Related: Why Doing a Daily Dead Hang Can Save Your Life
Sandbag and/or Bucket Carry
The Sandbag and Bucket Carry are at about equal suck level, depending on who you ask. While the Atlas Stone is heavy, it’s a relatively quick challenge in comparison to the slow and painful slog of the Sandbag and/or Bucket Carry. Again, this is another obstacle with different techniques depending on personal preference, but you’ll want to build as much strength and muscular endurance in your legs as possible.
- Squats
- Lunges
- Weighted Step-Ups
- Weighted Incline Walk
The squats and lunges will strengthen all areas of your legs while the weighted step ups and weighted incline walks will simulate the muscular demands of an uphill carry.
Barbed Wire Crawl
The Barbed Wire Crawl is sneakily tough. How tough can crawling be? Well, very, especially when you need to stay low enough not to slice yourself open. (And when it’s anything further than about 10 or 15 feet ... and up a hill.)

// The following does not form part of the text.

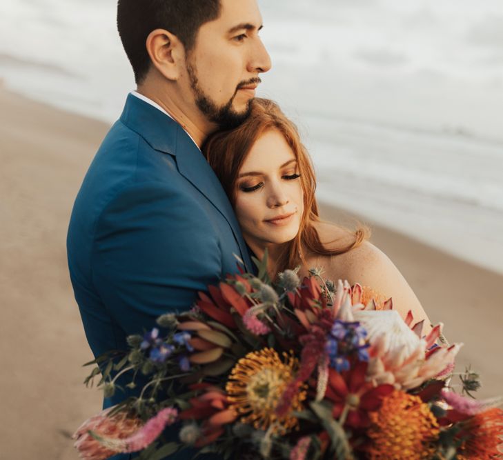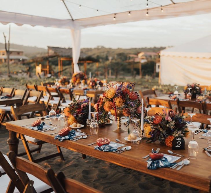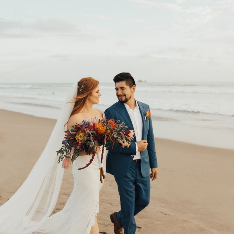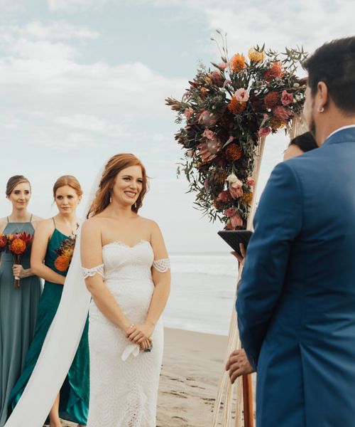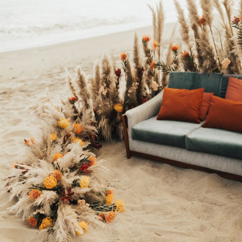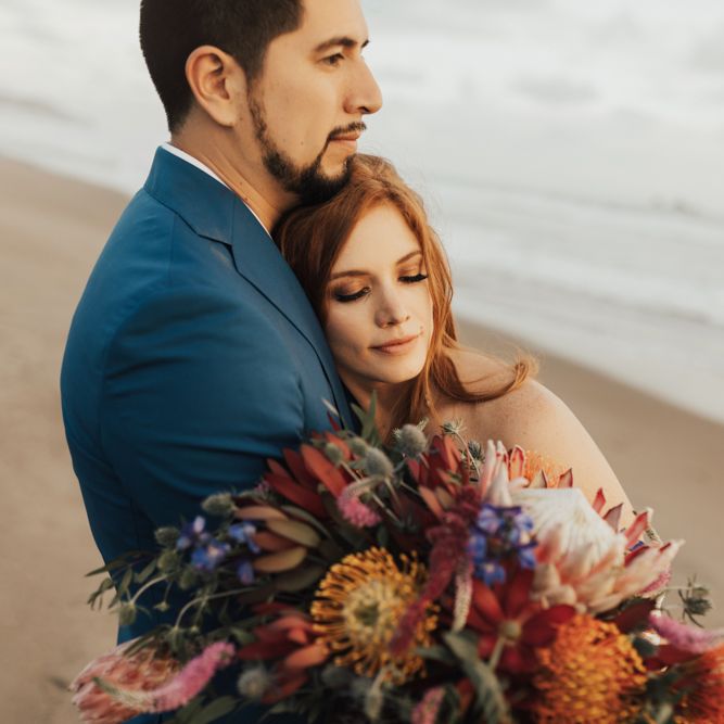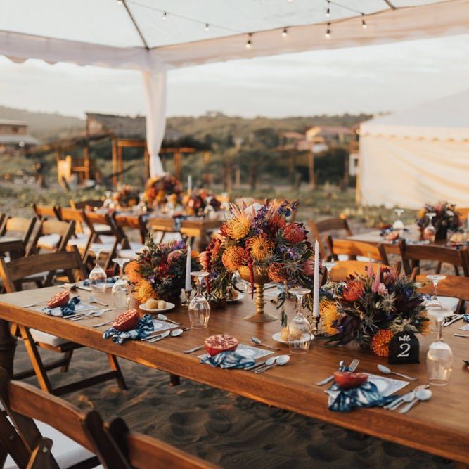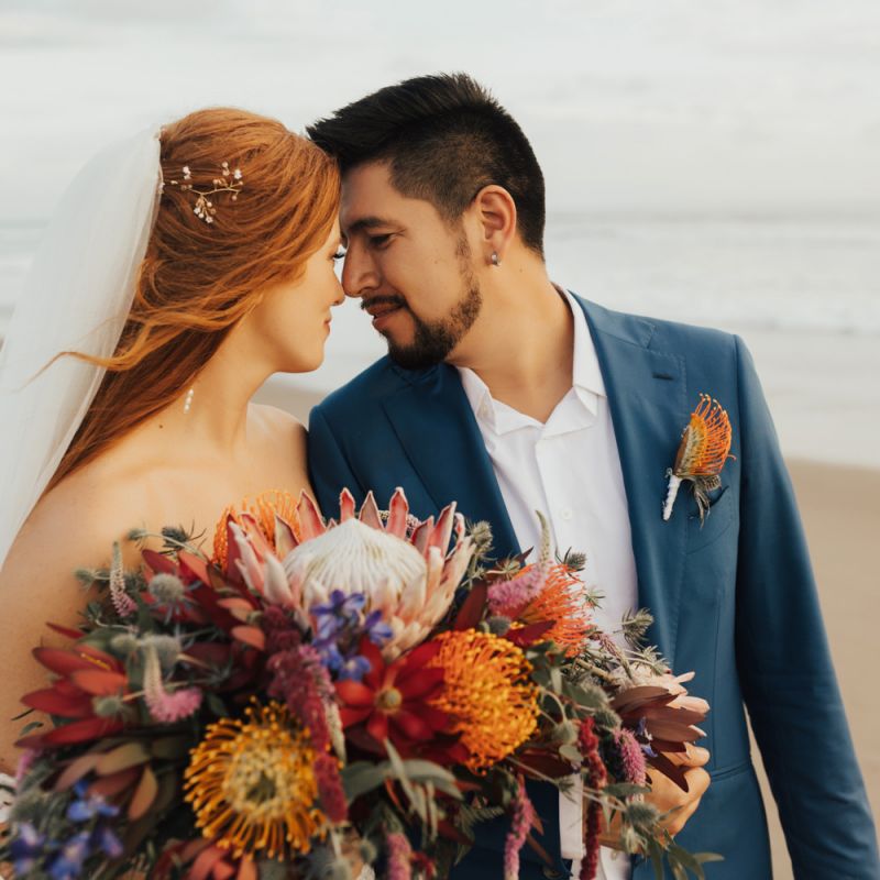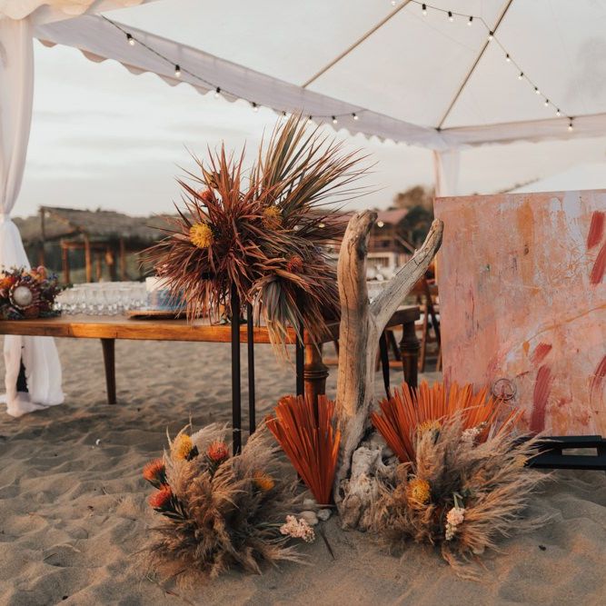 The vibe was romantic and artistic with a focus on colorful, unique floral arrangements and diy touches to complement the natural colors of the ocean and sunset. We also emphasized multicultural music and dancing which we are both passionate about.

Your core, legs, forearms, and shoulders will be burning like hell the whole way.
- Bear Crawl
- Crab Crawl
- 90s Stretch
- Pigeon Pose
- Burpees
The bear crawl is a perfect simulation of the Barbed Wire Crawl obstacle. It will strengthen your core, legs, and shoulders. Flipping over and crab crawling will counterbalance the bear crawl by strengthening the opposing muscles. This will eliminate any weaknesses or imbalances. The 90s stretch and pigeon pose will improve your hip mobility in the event that you need to get even lower to the ground at certain points. What purpose do the burpees serve? To race fast, you need to train fast.
The 5-Day First-Timer Sprint, Super, and Beast Training Schedule
The following accelerated program takes the exercises listed above and compiles them into a full weekly training program that you can perform week over week, no matter which race you plan on tackling.
Monday: Uphill Walk at Low Intensity
For Sprint Prep: Incline walk at 12% grade for approximately 15-20 minutes.
For Super Prep: Incline walk at 12% grade for 20-30 minutes (with weight vest, if possible).
For Beast Prep: Incline walk at 12% grade for 40+ minutes (with weight vest, if possible).
Tuesday: Pull and Carry
- Plank (3 sets x as long as possible)
- Side Plank (3 sets x as long as possible on each side)
- Sit-Up (3 sets x 25 reps) or Hollow Hold (3 sets x for as long as possible)
- Farmer Carry (3 sets x as long as possible, with 40-70-pound dumbbells or kettlebells)
- Pull-Up, Inverted Row, or Dead Hang (3 sets x as long as possible on each side)
- Pull-Down (3 sets x 10-15 reps)
- Reverse Curls (3 sets x 10-15 reps)
Wednesday: Tempo Runs
For Sprint Prep: 2 miles at easy and harder paces throughout
For Super Prep: 4 miles at easy and harder paces throughout
For Beast Prep: 4-6 miles at easy and harder paces throughout
- 30-90 burpees
Thursday: Active Recovery
Friday: Lower-Body Strength
- Plank (3 sets x as long as possible)
- Side Plank (3 sets x as long as possible on each side)
- Sit-Up (3 sets x 25 reps) or Hollow Hold (3 sets x as long as possible)
- Squats (3 sets x 30 seconds)
- Lunges (3 sets for 30 seconds)
- Weighted Step-Ups (3 sets x 10-15 reps)
- Sumo Deadlift (3 sets x 8-10 reps)
Saturday: Active Recovery
Sunday: Long Run
For Sprint Prep: 4 miles at a comfortable pace
For Super Prep: 6 miles at easy and harder paces throughout
For Beast Prep: 8 miles* at easy and harder paces throughout
*Increase mileage by 10% each week.
Commit to Your First Race
If you can easily run a 5K, commit to a Sprint.
If a 10K is a breeze, commit to a Super.
If a half-marathon is no problem, commit to a Beast.
If you can run a marathon (and/or are downright crazy), commit to an Ultra.